RECORDED DATA:
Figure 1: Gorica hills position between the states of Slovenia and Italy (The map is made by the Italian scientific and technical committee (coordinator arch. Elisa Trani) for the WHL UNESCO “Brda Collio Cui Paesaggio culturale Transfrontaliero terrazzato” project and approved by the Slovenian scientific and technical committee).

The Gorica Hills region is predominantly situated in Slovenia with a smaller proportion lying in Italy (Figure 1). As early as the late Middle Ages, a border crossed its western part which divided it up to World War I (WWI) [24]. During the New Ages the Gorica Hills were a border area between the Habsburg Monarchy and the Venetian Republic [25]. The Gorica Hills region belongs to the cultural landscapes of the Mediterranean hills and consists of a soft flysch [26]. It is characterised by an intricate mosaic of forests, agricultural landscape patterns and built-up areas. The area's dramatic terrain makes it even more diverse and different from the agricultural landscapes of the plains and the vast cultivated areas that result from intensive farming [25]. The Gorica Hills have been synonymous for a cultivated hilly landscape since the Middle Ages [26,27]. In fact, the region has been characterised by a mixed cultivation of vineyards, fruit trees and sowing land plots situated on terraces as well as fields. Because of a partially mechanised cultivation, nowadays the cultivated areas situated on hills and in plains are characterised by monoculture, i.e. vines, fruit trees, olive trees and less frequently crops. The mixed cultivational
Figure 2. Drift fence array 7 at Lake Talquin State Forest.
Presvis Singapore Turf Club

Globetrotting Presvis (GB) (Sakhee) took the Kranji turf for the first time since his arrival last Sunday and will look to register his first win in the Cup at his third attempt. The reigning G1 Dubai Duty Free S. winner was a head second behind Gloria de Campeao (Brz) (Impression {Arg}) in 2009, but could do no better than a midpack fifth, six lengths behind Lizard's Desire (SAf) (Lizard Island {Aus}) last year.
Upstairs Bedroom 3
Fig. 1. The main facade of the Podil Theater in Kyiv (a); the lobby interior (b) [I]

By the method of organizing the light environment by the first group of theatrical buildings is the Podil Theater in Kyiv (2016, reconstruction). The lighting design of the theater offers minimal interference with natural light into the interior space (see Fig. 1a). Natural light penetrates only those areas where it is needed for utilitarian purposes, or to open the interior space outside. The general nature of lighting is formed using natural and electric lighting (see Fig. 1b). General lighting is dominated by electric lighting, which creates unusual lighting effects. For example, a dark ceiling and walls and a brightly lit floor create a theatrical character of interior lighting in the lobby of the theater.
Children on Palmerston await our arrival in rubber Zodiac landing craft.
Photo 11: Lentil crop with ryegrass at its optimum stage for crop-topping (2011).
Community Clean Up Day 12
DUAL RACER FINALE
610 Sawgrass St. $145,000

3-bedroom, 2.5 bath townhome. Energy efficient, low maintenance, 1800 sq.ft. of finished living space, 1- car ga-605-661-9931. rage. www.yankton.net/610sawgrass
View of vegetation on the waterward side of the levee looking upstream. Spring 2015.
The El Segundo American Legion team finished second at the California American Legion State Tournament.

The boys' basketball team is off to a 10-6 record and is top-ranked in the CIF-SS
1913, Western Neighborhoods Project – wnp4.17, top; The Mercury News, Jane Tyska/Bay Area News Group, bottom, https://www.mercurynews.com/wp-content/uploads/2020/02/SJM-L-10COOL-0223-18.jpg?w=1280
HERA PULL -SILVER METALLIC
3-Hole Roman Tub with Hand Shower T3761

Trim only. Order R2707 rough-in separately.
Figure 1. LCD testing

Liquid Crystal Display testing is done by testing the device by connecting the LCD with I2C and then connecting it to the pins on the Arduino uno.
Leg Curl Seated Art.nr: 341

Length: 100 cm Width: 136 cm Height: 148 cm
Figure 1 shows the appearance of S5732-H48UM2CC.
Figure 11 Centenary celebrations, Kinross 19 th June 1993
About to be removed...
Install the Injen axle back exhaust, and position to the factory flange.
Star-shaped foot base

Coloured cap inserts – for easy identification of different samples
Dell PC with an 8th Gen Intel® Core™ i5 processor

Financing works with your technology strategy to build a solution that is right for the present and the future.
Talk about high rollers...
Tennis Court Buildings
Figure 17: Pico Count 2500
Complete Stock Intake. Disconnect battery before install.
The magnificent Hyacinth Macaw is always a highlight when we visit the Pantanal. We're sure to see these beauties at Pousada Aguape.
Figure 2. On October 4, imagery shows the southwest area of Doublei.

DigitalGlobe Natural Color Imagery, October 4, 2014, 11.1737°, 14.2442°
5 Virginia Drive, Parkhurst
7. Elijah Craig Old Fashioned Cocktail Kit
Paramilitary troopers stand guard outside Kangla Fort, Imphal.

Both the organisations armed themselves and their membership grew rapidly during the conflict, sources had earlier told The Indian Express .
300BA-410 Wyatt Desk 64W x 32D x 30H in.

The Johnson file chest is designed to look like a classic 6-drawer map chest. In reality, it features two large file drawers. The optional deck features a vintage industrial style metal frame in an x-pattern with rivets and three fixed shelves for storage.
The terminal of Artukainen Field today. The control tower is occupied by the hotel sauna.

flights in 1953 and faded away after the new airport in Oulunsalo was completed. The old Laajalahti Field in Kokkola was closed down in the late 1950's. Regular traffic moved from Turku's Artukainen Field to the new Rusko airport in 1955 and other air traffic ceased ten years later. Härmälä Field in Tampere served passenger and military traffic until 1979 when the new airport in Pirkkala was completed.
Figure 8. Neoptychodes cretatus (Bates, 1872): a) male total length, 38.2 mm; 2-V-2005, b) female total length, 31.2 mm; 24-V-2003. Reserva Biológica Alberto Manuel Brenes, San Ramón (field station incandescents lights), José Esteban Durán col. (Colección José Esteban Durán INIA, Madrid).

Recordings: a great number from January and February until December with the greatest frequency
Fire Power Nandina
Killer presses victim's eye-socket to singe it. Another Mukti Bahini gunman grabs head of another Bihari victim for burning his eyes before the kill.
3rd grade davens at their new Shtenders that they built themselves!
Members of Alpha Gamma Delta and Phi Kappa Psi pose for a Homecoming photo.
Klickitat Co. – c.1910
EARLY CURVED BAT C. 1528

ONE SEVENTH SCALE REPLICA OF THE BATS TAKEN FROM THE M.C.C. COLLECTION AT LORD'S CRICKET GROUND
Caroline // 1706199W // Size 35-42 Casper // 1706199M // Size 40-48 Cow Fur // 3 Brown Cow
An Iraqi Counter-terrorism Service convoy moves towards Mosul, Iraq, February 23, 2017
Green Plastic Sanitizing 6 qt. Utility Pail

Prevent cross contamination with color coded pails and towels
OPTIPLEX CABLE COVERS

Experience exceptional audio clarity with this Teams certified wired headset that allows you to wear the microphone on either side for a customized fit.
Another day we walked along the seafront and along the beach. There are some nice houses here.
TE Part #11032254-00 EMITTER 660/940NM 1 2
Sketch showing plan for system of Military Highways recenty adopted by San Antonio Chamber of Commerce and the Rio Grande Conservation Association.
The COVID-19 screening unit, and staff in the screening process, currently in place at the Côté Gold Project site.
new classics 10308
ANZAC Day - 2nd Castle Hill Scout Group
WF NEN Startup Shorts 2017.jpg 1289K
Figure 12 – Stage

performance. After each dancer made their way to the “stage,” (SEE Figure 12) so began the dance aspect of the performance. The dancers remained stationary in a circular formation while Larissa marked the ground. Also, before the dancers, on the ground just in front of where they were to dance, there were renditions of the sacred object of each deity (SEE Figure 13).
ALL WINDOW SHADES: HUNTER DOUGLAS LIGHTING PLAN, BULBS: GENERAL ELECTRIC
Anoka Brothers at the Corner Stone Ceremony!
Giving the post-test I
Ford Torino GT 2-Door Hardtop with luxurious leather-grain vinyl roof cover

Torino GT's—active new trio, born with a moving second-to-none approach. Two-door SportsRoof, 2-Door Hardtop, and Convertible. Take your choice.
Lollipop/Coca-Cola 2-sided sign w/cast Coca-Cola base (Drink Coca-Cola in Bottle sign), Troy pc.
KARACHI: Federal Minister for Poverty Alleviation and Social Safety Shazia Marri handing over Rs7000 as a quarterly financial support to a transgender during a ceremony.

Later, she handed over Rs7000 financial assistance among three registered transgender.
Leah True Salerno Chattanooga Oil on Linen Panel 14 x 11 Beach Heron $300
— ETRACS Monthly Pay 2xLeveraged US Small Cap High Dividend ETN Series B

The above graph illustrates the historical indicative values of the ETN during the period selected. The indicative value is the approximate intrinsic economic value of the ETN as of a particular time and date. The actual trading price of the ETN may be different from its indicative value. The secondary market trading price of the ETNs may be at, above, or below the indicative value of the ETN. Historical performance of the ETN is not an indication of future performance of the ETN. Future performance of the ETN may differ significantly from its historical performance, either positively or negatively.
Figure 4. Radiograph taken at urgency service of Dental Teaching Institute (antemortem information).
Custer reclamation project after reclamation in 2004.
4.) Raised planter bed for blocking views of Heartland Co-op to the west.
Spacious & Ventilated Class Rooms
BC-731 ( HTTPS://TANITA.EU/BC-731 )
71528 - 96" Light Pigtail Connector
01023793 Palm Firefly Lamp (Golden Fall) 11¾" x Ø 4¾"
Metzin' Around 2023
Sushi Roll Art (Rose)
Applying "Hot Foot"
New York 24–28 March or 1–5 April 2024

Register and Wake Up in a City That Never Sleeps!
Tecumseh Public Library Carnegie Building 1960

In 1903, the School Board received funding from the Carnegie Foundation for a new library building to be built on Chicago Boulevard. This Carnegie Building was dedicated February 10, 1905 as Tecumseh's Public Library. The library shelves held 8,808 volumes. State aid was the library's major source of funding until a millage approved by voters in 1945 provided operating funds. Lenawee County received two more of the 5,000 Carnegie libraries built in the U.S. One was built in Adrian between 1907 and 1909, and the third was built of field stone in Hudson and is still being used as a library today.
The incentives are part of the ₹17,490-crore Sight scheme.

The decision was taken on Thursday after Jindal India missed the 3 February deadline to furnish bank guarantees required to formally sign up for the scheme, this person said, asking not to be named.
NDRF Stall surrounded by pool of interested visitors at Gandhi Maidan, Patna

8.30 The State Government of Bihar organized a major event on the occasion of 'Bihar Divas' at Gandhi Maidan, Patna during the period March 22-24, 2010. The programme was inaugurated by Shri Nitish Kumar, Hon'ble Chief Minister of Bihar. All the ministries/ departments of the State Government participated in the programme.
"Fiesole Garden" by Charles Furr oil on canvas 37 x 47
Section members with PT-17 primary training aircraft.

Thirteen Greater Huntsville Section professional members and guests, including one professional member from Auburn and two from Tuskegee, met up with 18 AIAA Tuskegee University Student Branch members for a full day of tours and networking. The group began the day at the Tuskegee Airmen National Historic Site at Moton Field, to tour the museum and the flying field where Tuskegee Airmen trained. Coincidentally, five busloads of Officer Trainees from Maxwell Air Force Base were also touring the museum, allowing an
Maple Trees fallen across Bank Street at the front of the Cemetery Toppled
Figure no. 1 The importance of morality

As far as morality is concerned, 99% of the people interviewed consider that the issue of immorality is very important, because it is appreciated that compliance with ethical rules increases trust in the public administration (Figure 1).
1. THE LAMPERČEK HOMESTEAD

WHAT YOU HAVE TO DO: Go through the records above and count every line that includes "Italy". Give the number and nothing else.

SOLUTION TO THIS EXERCISE: 2